Courtois Florence, Merendino Livia
Laboratoire de Physiologie Cellulaire et Végétale, Centre National de la Recherche Scientifique, Institut National Recherche Agronomique, Commissariat à l'Energie Atomique et aux Energies Alternatives, CEA Grenoble, UMR5168, Université Grenoble Alpes, Grenoble, France.
Centre National de la Recherche Scientifique, Institute of Plant Sciences Paris Saclay, Institut National de la Recherche Agronomique, Université Paris-Sud, Université Evry, Université Paris-Saclay, Paris Diderot, Sorbonne Paris-Cité, Gif sur Yvette Cedex, France.

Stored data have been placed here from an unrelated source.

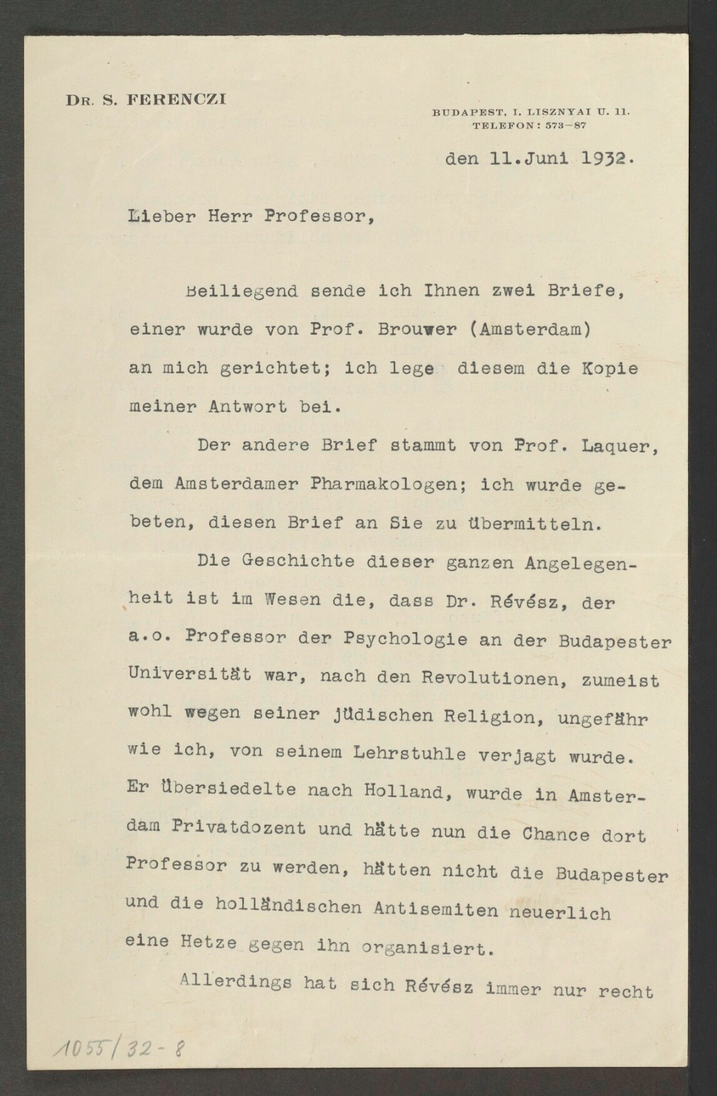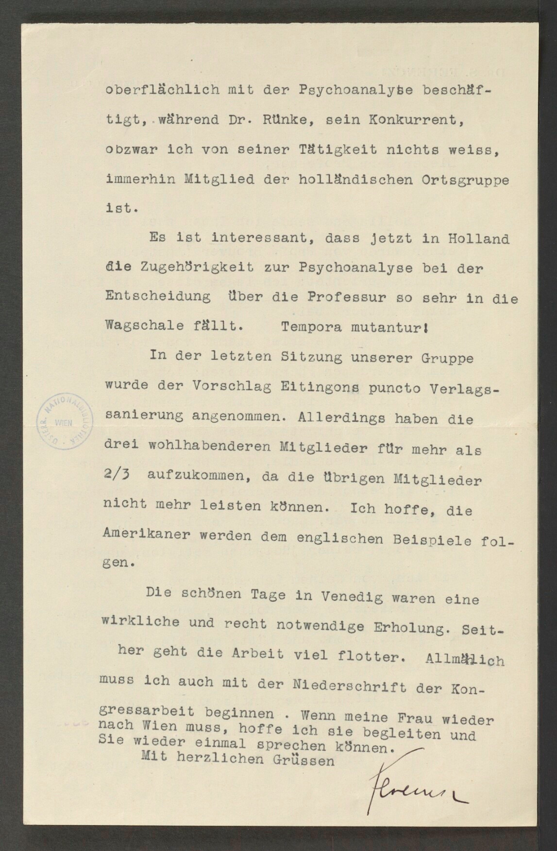 Freud, Sigmund, 1856-1939 [VerfasserIn] ; Ferenczi, Sándor, 1873-1933 [AdressatIn]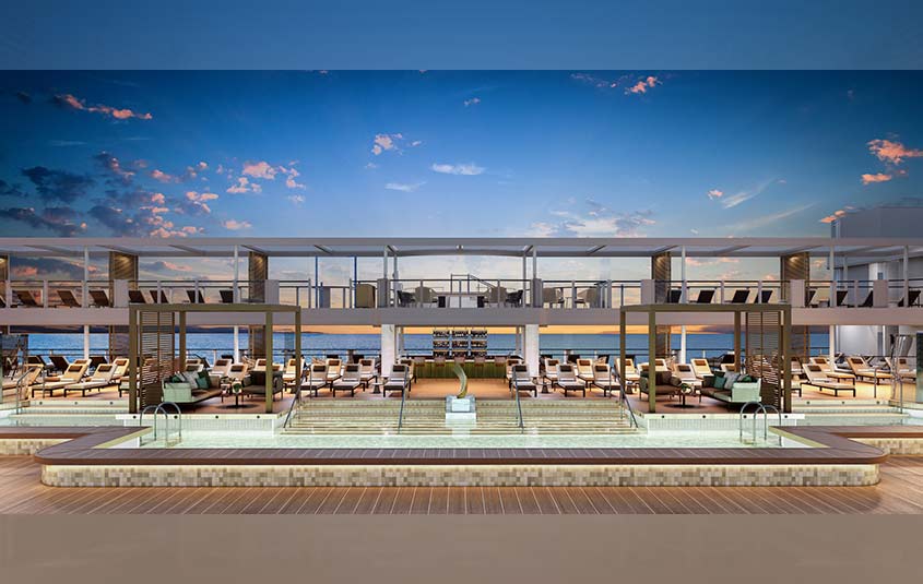 In a first for the cruise line, the ship will have an asymmetrical design, one that will give rise to all-new outdoor spaces for an unprecedented openness to the destination, with a reimagined, outward-facing pool deck; an al fresco dining area; and a sky bar that offers panoramic views from the ship’s aft.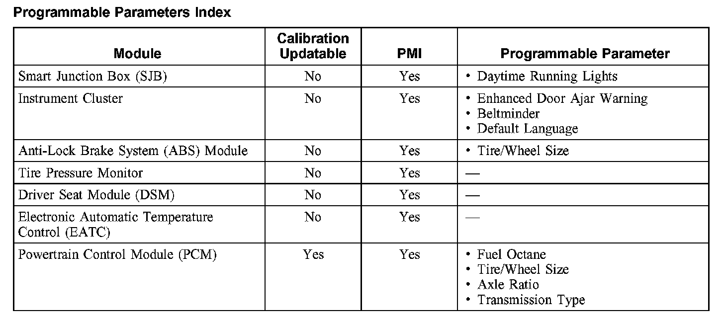 Programmable Parameters Index: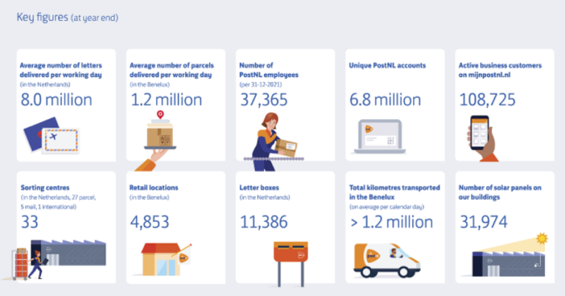 We bezorgen dagelijks pakketten en vijf dagen per week post. Op een doordeweekse dag bezorgen we in de Benelux gemiddeld 900.000 pakketten en 6,8 miljoen brieven. Voor onze klanten zijn wij de onmisbare schakel tussen verzenders en ontvangers en de verbinder tussen de fysieke en digitale wereld.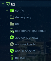 src ๋ฐ์ ์๋์ผ๋ก ์์ฑ๋ `app.controller.spec.ts`, `app.controller.ts`, `app.service.ts`๋ ์ ๊ฑฐํด ์ฃผ๋๋ก ํ ๊ฒ์ด์์.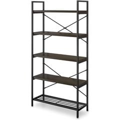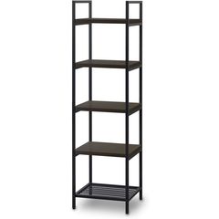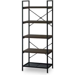 アイアンシェルフ 5段 木目天板 (オーク) 幅80cm×奥行43cm×高さ約155cm 収納棚 オープンラック スチールラック 見せる収納 送料無料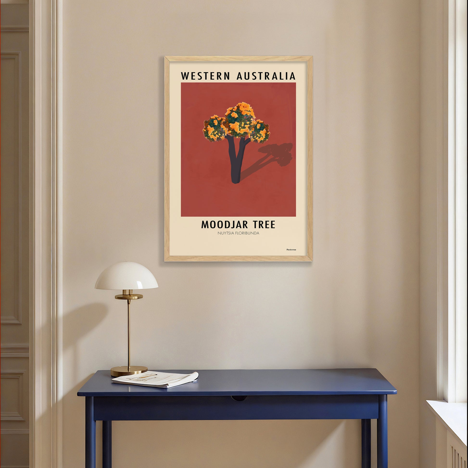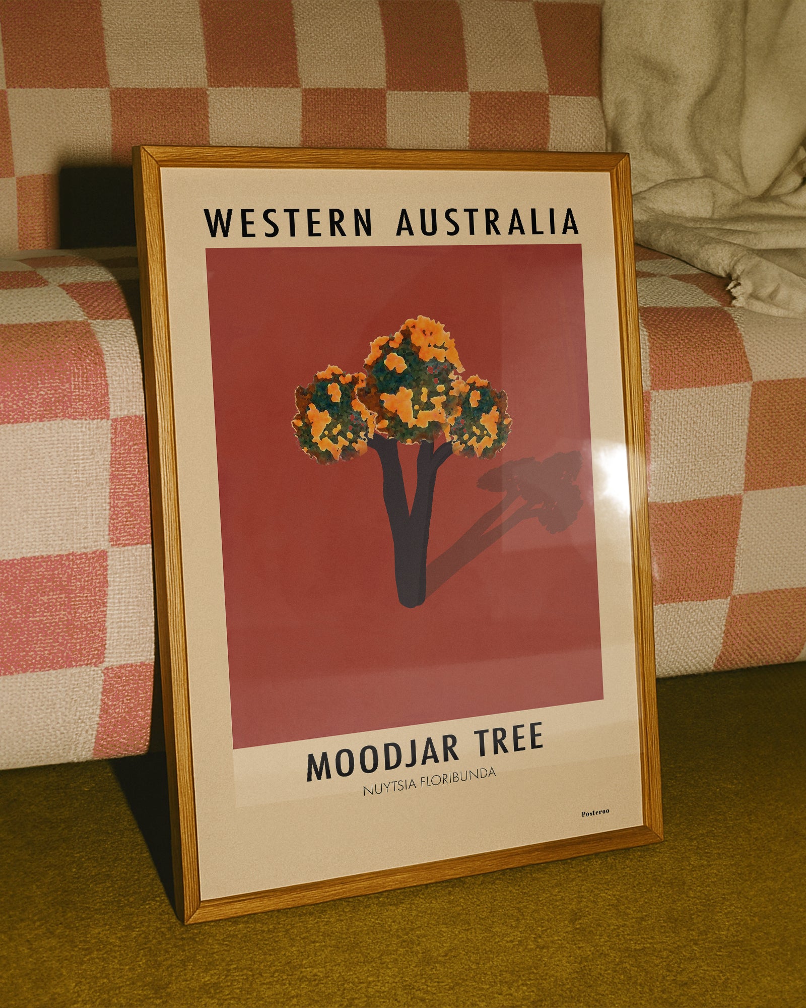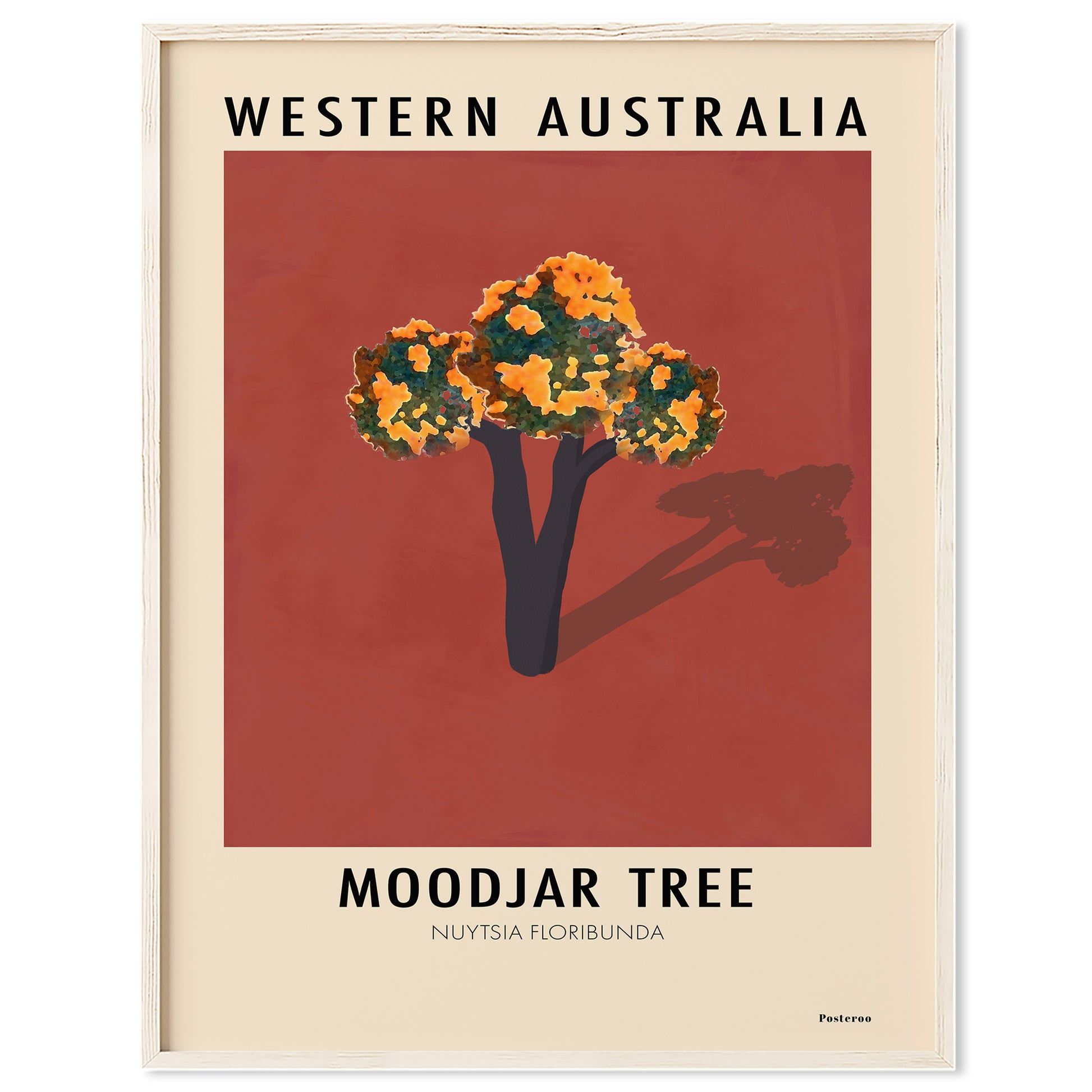 Fine art print by Joshua Kyle showcasing the radiant beauty of the flowering Moodjar tree (Nuytsia Floribunda). Adorned with vibrant yellow blossoms in December, the Moodjar tree blooms in harmony with Birak, the Aboriginal Noongar season of the young.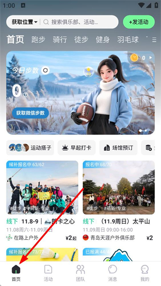 1、進入趣動WillGo首頁,可獲取位置、搜索俱樂部或活動,還能發活動,首頁展示今日步數、運動搭子、早起打卡等板塊,還有徒步等線下活動推薦。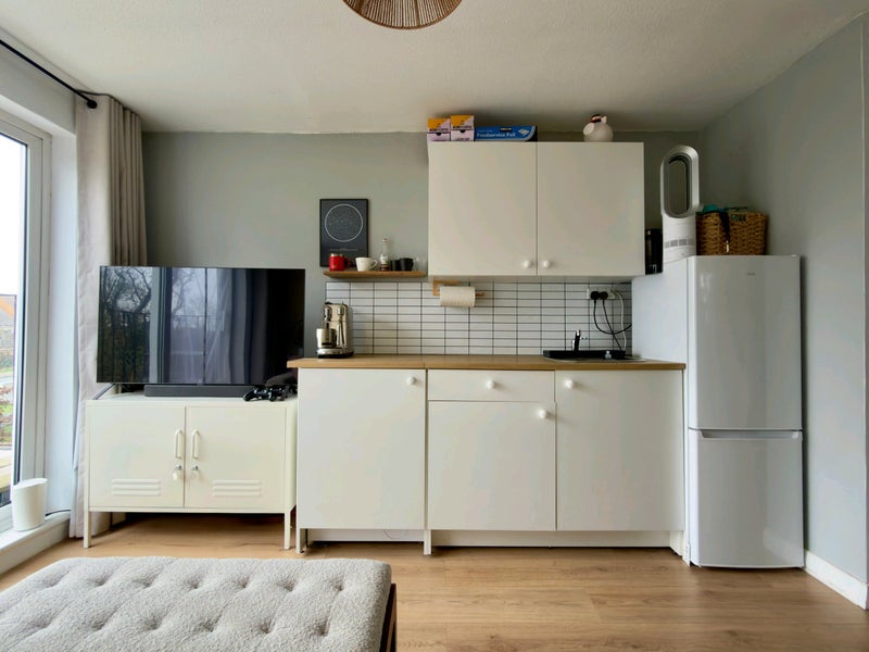 Upstairs 30 square metre studio apartment with en-suite available to rent in Market Harborough in a friendly, safe and peaceful neighbourhood.

Methods Mol Biol. 2018;1829:273-278. doi: 10.1007/978-1-4939-8654-5_18.
During evolution of photosynthetic organisms, the genetic information provided by the internalized cyanobacteria has been transferred to the nucleus. The small genome kept by the chloroplast, the so-called plastome, displays a complex organization, comprising operons under the control of multiples promoters. In addition, polycistronic transcripts undergo multiple processing events, thus generating a complex population of mRNAs from a single gene. This chapter describes a method to investigate the diversity of the mRNA population from a single gene by circular RT-PCR. The protocol provided here allows for the simultaneous mapping of both 5' and 3' ends of the same RNA molecule.
在光合生物的进化过程中,被内化的蓝细菌所提供的遗传信息已转移至细胞核。叶绿体保留的小基因组,即所谓的质体基因组,呈现出复杂的组织形式,包含受多个启动子控制的操纵子。此外,多顺反子转录本会经历多种加工事件,从而从单个基因产生复杂的mRNA群体。本章描述了一种通过环状RT-PCR研究单个基因mRNA群体多样性的方法。此处提供的方案允许同时定位同一RNA分子的5'和3'末端。